A living trust is a plan in the form of an agreement that manages all the property you place into the trust while you're still living. A common estate-planning tool, a living trust is created by the preparation and execution of a trust agreement, a document that identifies the trust's owner, the trustee -- the person who oversees the trust -- and lists the trust's provisions. A living trust needs a name because the trust is the owner of all the assets placed into it. The name allows the trust's owner to identify the trust as the owner on property transfer papers, other legal documents and financial accounts.
Write down the names of the trust owners, or trustors. Living trusts are commonly named after the owners. For example, a trust created by two spouses can be named after both the husband and wife -- "The John and Jane Miller Living Trust" -- or the family itself, such as "The Miller Family Living Trust".

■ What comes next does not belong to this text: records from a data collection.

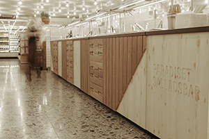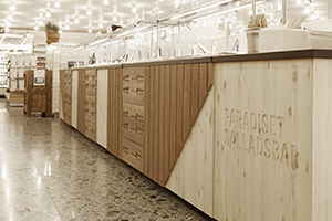 När branschorganisationen Svenskt Trä samarbetar med matbutiken Paradiset inför nyöppningen av butiken på NK skapas en butiksupplevelse med innovativt framtidstänkt där hälsa och hållbarhet står i fokus. Genom att använda furu från svenska skogar i inredningen får varumärket den inramning som man strävar efter.
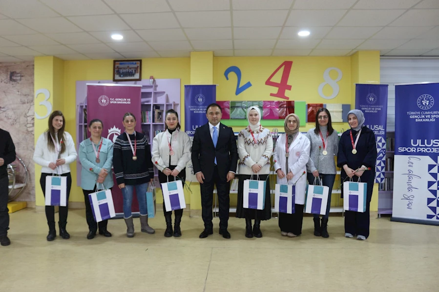 Törende Dünya Kadınlar Günü münasebetiyle katılan kadın sporculara karanfil verildiği turnuvada dereceye giren takımlar şunlar:
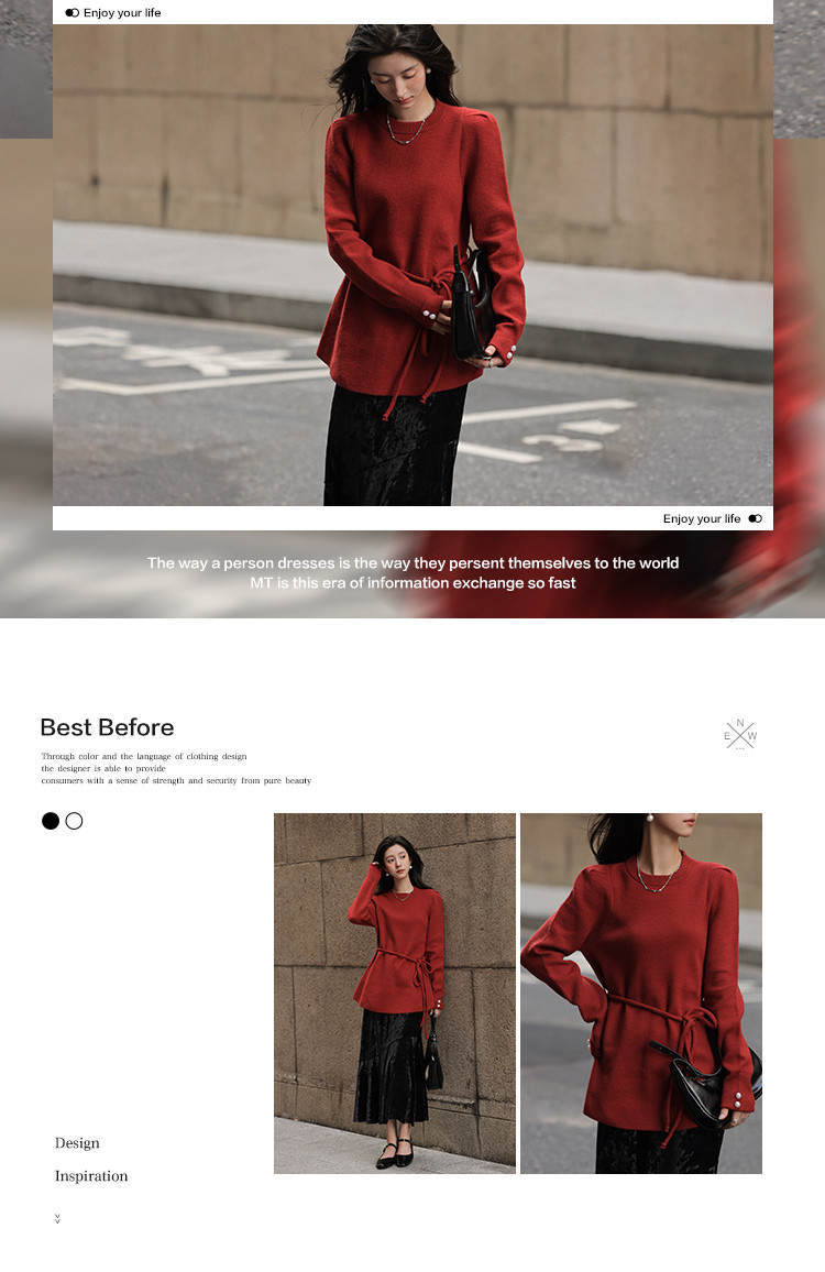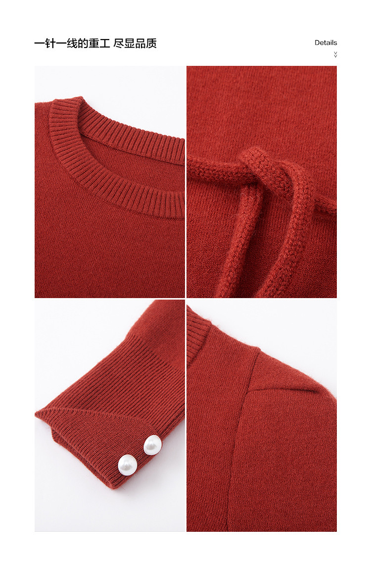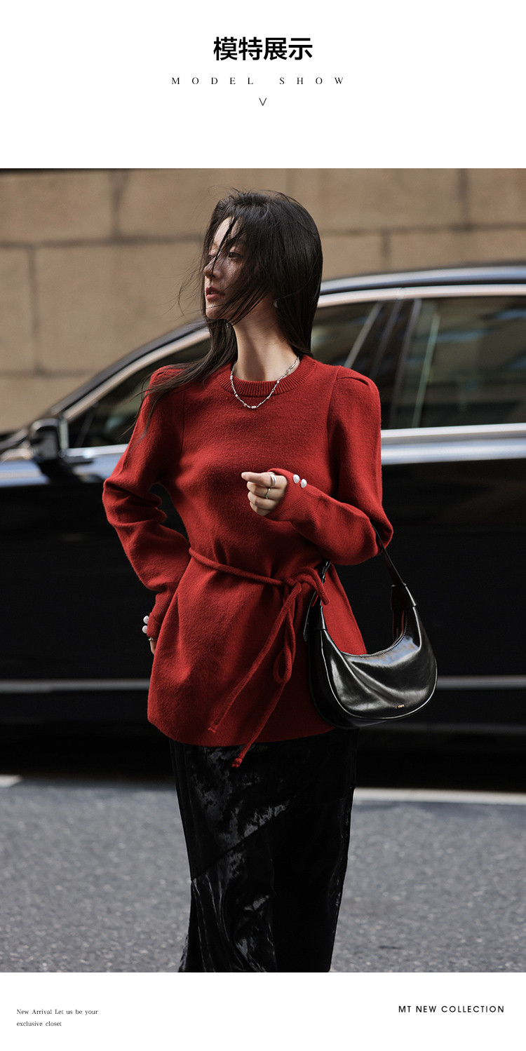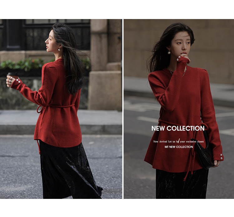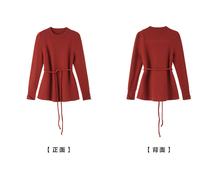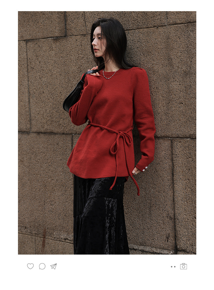 【贺岁红玫瑰】冬季复古珍珠圆领系带长袖针织衫软糯舒适女式上衣

Consider how many assets the trust will hold. You must put the assets you want in the trust, such as your home, in the trust's name. A longer name is often confusing and inconvenient when you're transferring assets. Shorten the name if possible.
Speak to the trustees if you're not the only trustee. Tell the trustees what name you're considering. All trustees will use the trust's name. While you don't need their approval, they might have suggestions or see an issue with your proposed name.
Insert the name on the trust documents. Write down the name exactly as you want it to appear to avoid mistakes on the final agreement.
Using an unusual name for your trust can create problems when you're transferring assets or setting up trust banking accounts.